== GIVEN DATA ==
========================================================================
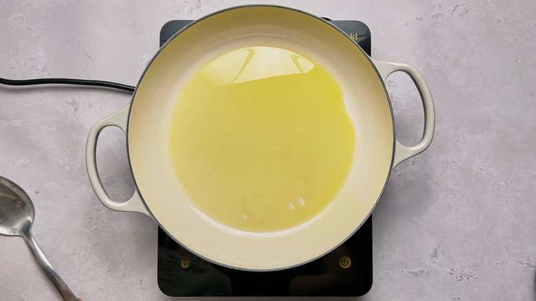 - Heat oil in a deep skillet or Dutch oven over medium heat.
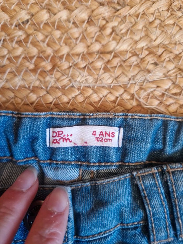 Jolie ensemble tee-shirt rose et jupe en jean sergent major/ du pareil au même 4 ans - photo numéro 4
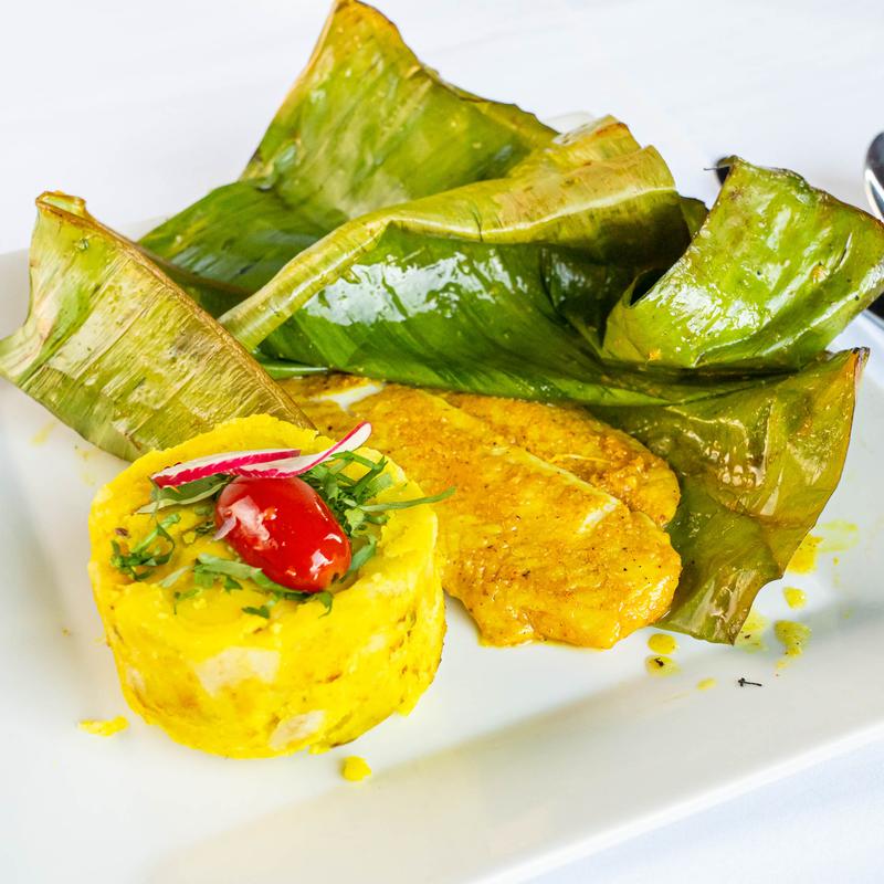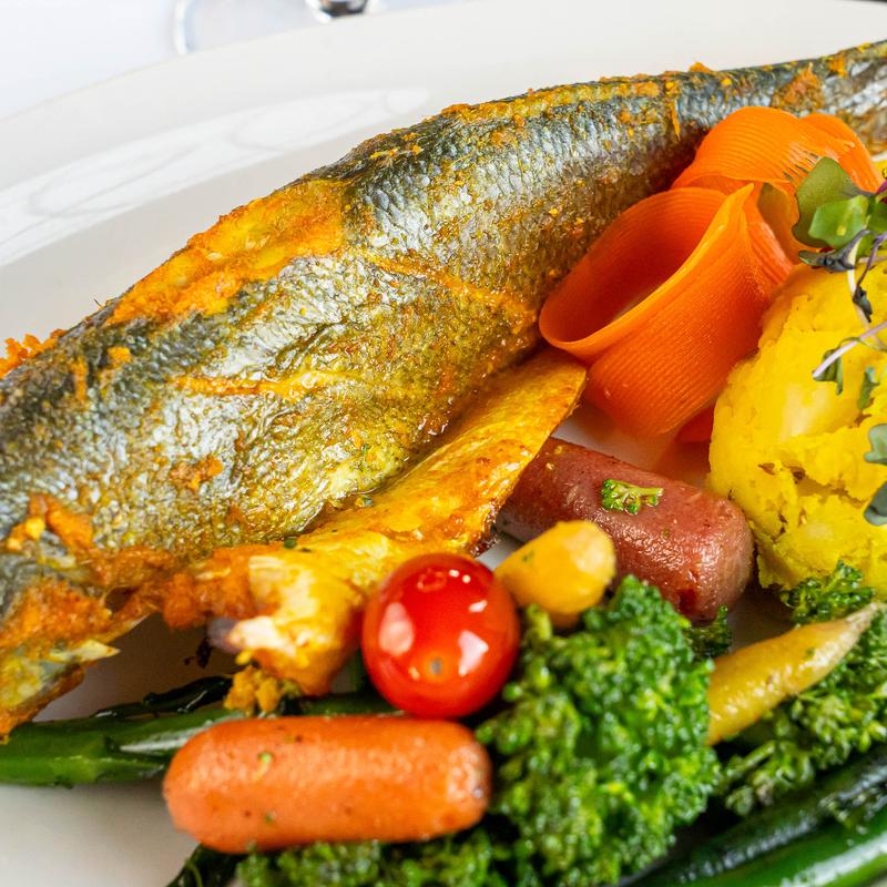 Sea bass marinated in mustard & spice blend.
========================================================================
== WHAT IS REQUIRED ==
Copy out the whole listing exactly, and don't carry over any pictures.

== ANSWER TO THE PROBLEM ==
 - Heat oil in a deep skillet or Dutch oven over medium heat.
 Jolie ensemble tee-shirt rose et jupe en jean sergent major/ du pareil au même 4 ans - photo numéro 4
 Sea bass marinated in mustard & spice blend.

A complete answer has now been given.